Skalierung von Scrum: 3 Prinzipien von erfahrenen Product Ownern

Anna ist Product Ownerin der erfolgreichen E-Commerce-Plattform "Unvergessliche Kindergeburtstage". Wie viele andere Produkt-Manager steht sie vor der Herausforderung, Kunden- und Marktanforderungen noch vor der Konkurrenz umzusetzen: "Wir arbeiten in einem sehr wettbewerbsorientierten und schnelllebigen Markt, nach anfänglichem Erfolg haben wir uns entschieden, unsere Entwicklung mit 3 weiteren Scrum-Teams zu verstärken, um gegenüber unserer starken Konkurrenz nicht ins Hintertreffen zu geraten."

Seitdem Anna für 4 Teams zuständig ist, ist sie überfordert, da sie mit ihrer Arbeit hinterherhinkt. Es ist nie genug Arbeit für die Teams spezifiziert und bei der Abnahme der Stories müssen die Teams ständig auf sie warten. Sie hat den Eindruck, dass sie die Teams ausbremst. Als sie von einem Berater hört, dass jedes Scrum-Team einen Product Owner braucht, sieht sie das als ihre Rettung an und stellt drei junge Product Owner ein.

Was ihr als Rettungsanker verkauft wurde, stellte sich schnell als ein noch größeres Problem heraus: "Das Fingerspitzengefühl und die Erfahrung, welche man braucht, um alle Wünsche der Stakeholder unter einen Hut zu bekommen, fehlt den neuen Product Ownern einfach ganz. Seit den Einstellungen verbringe ich die meiste Zeit damit, die Neuen einzuweisen und zu unterrichten."

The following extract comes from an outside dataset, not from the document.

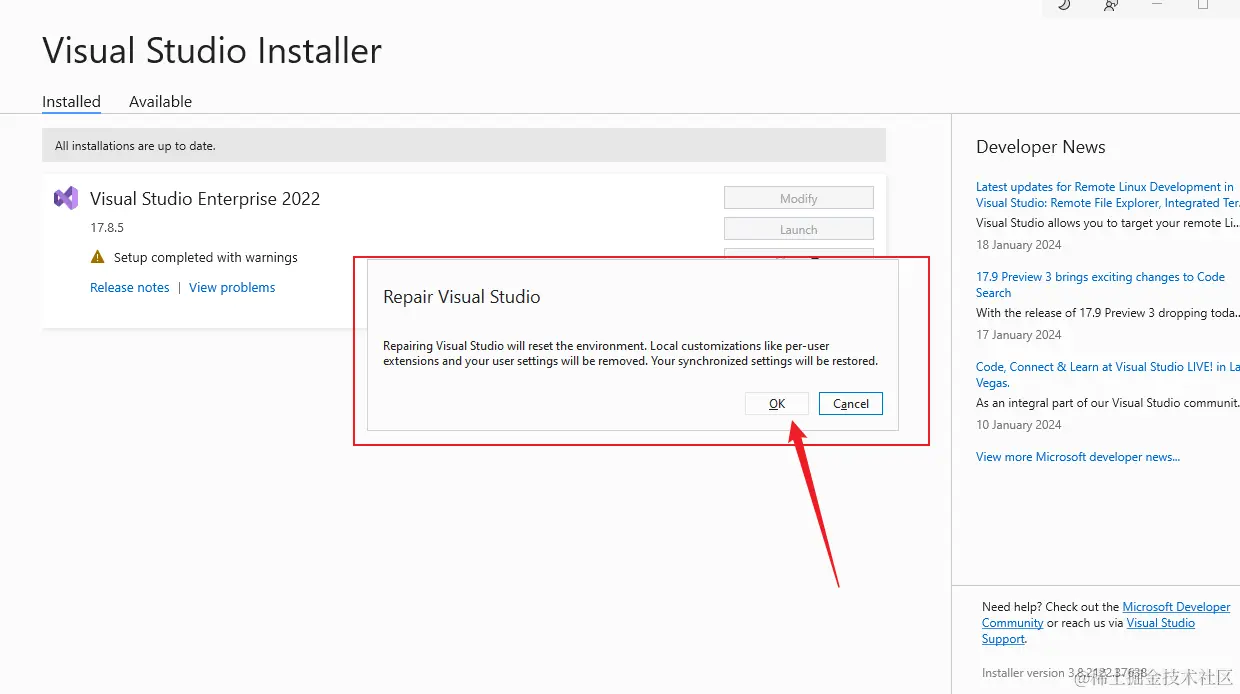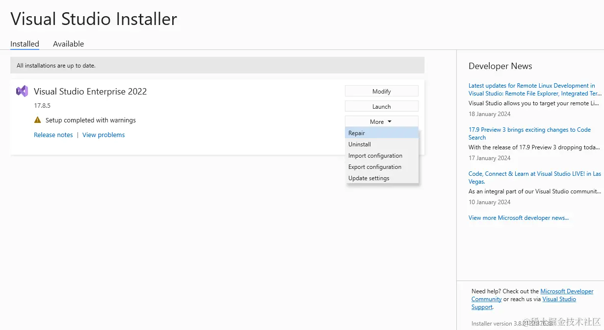 - 重新运行VS installer 界面点击:更多—修复

Auch die Teams sind unzufrieden, da die Product Owner nicht schnell Antworten auf ihre Fragen liefern können. Abhilfe sollten die Team-Backlogs schaffen. Aber diese Backlogs mit dem "echten" Backlog und der Roadmap zu synchronisieren, bereitet Anna nur noch mehr Koordinationsaufwand.

Kommt dir das bekannt vor? Wahrscheinlich schon – aus meiner eigenen Arbeit als Product Owner und meiner Unterstützung von Product Ownern weiß ich, dass viele vor Annas Herausforderung stehen. Darüber hinaus ist auch die Frage, wie Scrum effektiv skaliert wird, eine der häufigsten in meinen Professional Scrum Trainings. Annas Situation untermauert die Notwendigkeit des ersten Prinzips bei der Skalierung von Scrum:

Vertraue dem Highlander-Prinzip, um Abstimmungsprobleme zu vermeiden

Wenn wir Annas Situation analysieren, dann erkennen wir, dass mehrere Product Owner und Team Backlogs weitere Kommunikationswege bedeuten. Wenn die Anzahl der Kommunikationspfade steigt, steigt die Komplexität. Um diese zusätzliche Komplexität in den Griff zu bekommen, sind weitere Abstimmungen nötig. Denn damit gute Entscheidungen in einer Gruppe getroffen werden können, müssen sich alle Beteiligten einbringen können. Diese Art der Entscheidungsfindung dauert zwangsläufig länger und führt zu einem Wettbewerbsnachteil gegenüber der Konkurrenz, wie eine Umfrage von McKinsey unter 1.400 Führungskräften aus verschiedenen Branchen, Regionen und Eigentümerstrukturen ergab [1]. Aufgrund langsamer getroffenen Entscheidungen ist die Reaktion auf sich ergebende Veränderungen drastisch erschwert und Investitionschancen können schlechter genutzt werden.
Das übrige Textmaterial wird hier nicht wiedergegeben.